SCOPRIRSI "DIVERSI" A TRE ANNI
A Roma un centro che "orienta" i piccoli nella scelta della propria identità sessuale
lunedì 30 ottobre 2006 , di
Libero
Di transessualismo si discute per "l'incidente" tra Vladimir Luxuria ed Elisabetta Gardini nella toilette del Parlamento. Eppure, quello che in termini scientifici si chiama «disturbo dell'identità di genere» è un fenomeno in crescita nel nostro Paese.
I DATI DEL FENOMENO In 14 anni, ha interessato oltre 700 persone, tra cui bambini e adolescenti, dato che i primi sintomi possono apparire già intorno ai 3-4 anni. La scorsa settimana il Saifip (Servizio di adeguamento tra l'identità fisica e l'identità psichica) - unico centro italiano che lavora, dal '92, in sinergia con il reparto di Chirurgia plastica e ricostruttiva del San Camillo-Forlanini di Roma - ha organizzato un convegno nazionale con i maggiori esperti internazionali del settore. Sono stati 201 gli interventi chirurgici sulle MtoF (da uomo a donna) e 362 sui FtoM (da donna a uomo). Portare a termine l'adeguamento sessuale, specie per le donne, comporta numerosi interventi ormonali e chirurgici, e un lungo percorso di psicoterapia individuale e di gruppo (rispettivamente 740e 130 le ore effettuate dal Saifip ogni anno). IL CENTRO DI RICERCA Presso il centro, inoltre, è prevista un'attività diagnostica rivolta ai disturbi in bimbi ed adolescenti, dato che molti disagi compaiono già in età pre-scolare. «Nella nostra cultura dà subito all'occhio se un bambino utilizza l'abbigliamento e il trucco della mamma, gioca con le bambole e il gruppo dei pari è solo al femminile», spiega Luca Chianura, responsabile di Psicologia clinica del Saifip. Mentre «la femminuccia che fa il maschietto è più tollerata dalla società». Il rapporto maschifemmine seguiti dal servizio, non a caso, è di 5 a 1.

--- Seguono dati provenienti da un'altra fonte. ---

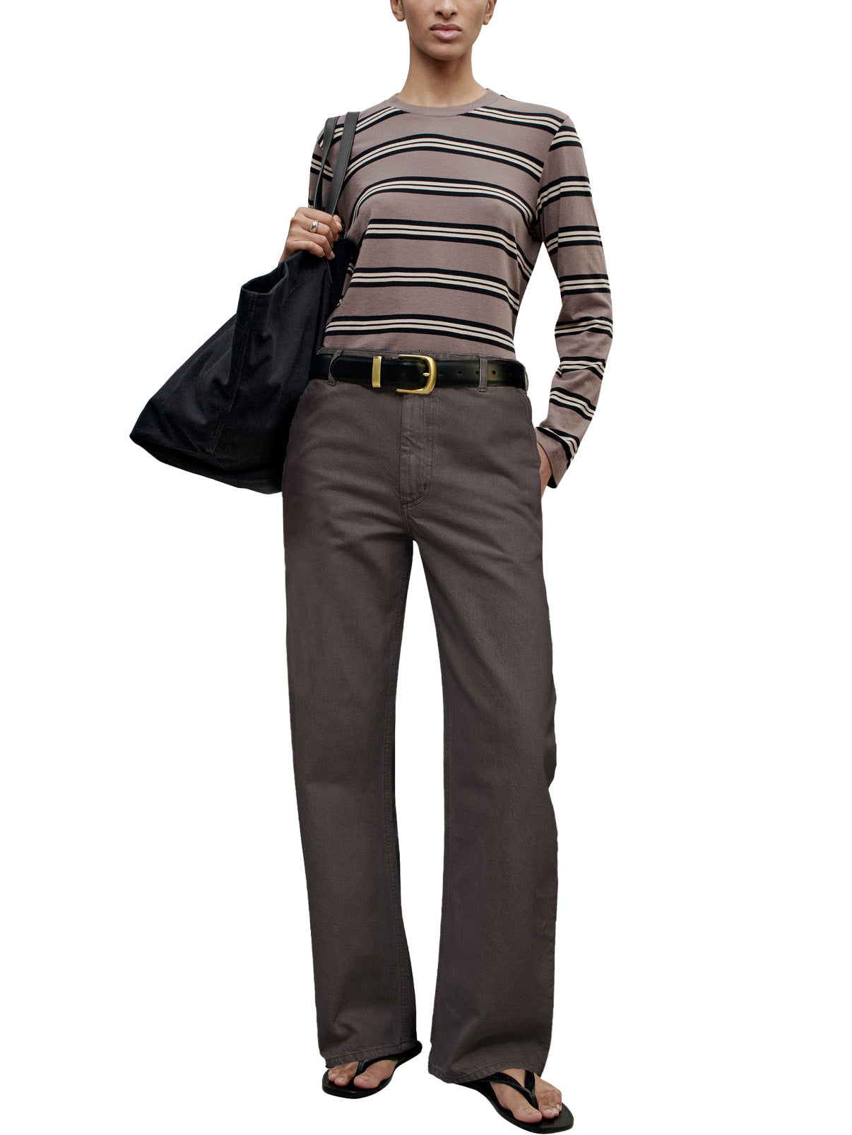 The Wide Leg Column Jean in new, perfectly washed Truffle cotton denim. Mid-high rise. Roomy through hip and thigh. Long, wide leg with subtle sculptural curve. 28” inseam. Deep side seam pockets and back pockets. Belt loops. True to size. Leather logo patch. Expect cotton to loosen after wear. Fits relaxed or true to size.

I PRIMI SEGNALI I primi campanelli d'allarme, se sottovalutati, possono portare a seri disagi per il minore: emarginazione, depressione, difficoltà relazionali ed emotive. Il percorso di osservazione può durare anni e coinvolge la famiglia. «La prima domanda di ogni genitore è: «mio figlio diventerà transessuale?», racconta lo psicoterapeuta, «noi li aiutiamo a tollerare l'incertezza sul futuro perché, sino ai 12-14 anni, è impossibile prevederlo». Dalle ricerche internazionali, emerge una stima: circa un terzo di questi bambini diverrà transessuale, un terzo omosessuale, il resto eterosessuale.

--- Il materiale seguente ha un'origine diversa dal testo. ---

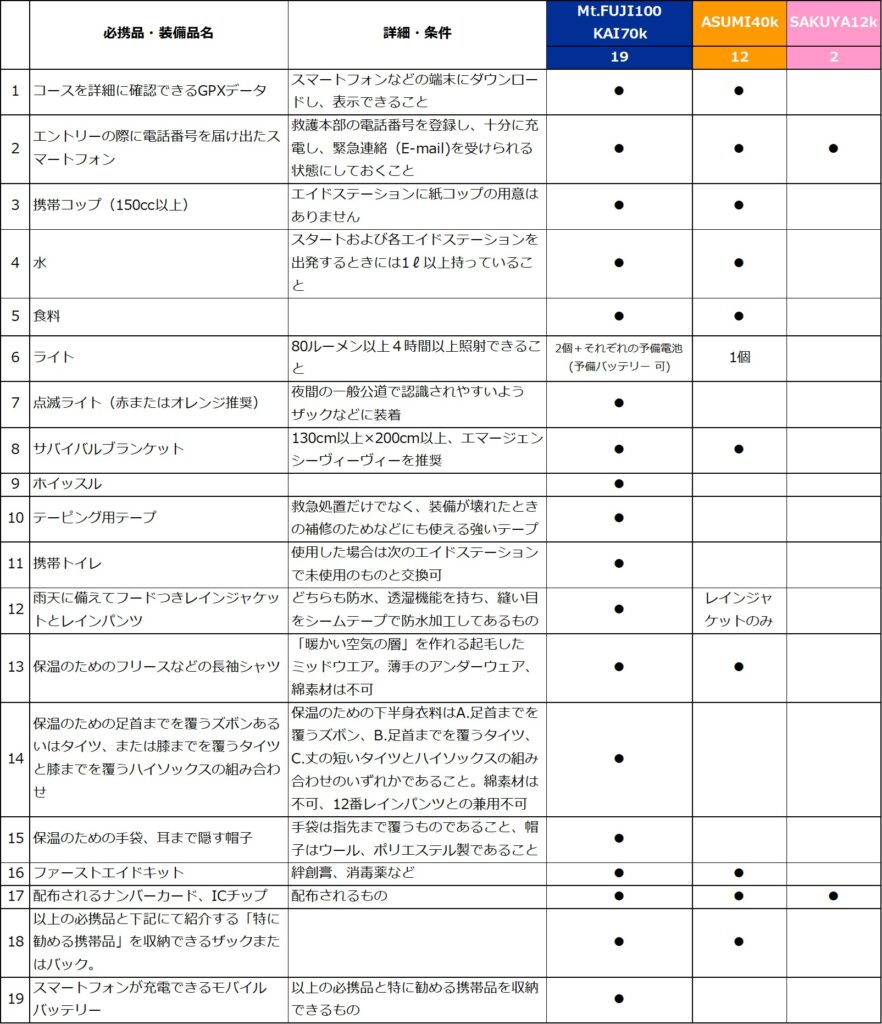 まず、Mt.FUJI100miで求められている必携品は下記のとおりです(2026年2月24日現在)。

LA PERCEZIONE «La percezione di noi stessi come maschi o femmine si struttura entro i 2-3 anni di età e non si può modificare. La persona transessuale che viene da noi, possiamo solo accompagnarla nel percorso», osserva Chianura. Un percorso che al suo termine può prevedere, non prima dei 18 anni di età e di una sentenza del Tribunale, l'adeguamento sessuale con interventi complessi (mammoplastica, vaginoplastica, falloplastica, etc.), cure ormonali, cambio dei dati anagrafici (dopo un'altra sentenza). «Il paradosso è che mentre tutte gli interventi chirurgici sono passati dal SSN, la terapia ormonale, che dura tutta la vita, è a pagamento - conclude - e sarebbe anche ora di cambiare la legge, che obbliga chiunque voglia cambiare la propria identità a sottoporsi ad un percorso chirurgico così complesso».

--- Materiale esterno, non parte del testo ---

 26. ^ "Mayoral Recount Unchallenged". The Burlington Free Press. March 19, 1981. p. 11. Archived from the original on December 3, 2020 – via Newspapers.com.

Foto: IN PRIMA LINEA Il San Camillo Forlanini rappresenta un vero e proprio punto di riferimento per le famiglie e per chi si trova a dover fare i conti con i propri dubbi Agf
COS'È IL SAIFIP CHI SONO SESSUALMENTE Quello di Roma è l'unico centro presente in Italia. Dal '92 la struttura, allestita all'interno del San Camillo Forlanini, opera in stretta collaborazione con il reparto di Chirurgia plastica e ricostruttiva. GLI INTERVENTI In 14 anni di attività sono state "curate" più di 700 persone. Gli interventi su uomini sono stati 201, quelli su donne 362. INTERVENTI PER I BAMBINI Presso il centro è stata allestita una struttura che aiuta i bambini, a partire dai 3, fascia in cui si manifestano i primi segnali. Se sottovalutati portano a seri disagi: dall'emarginazione alla depressione.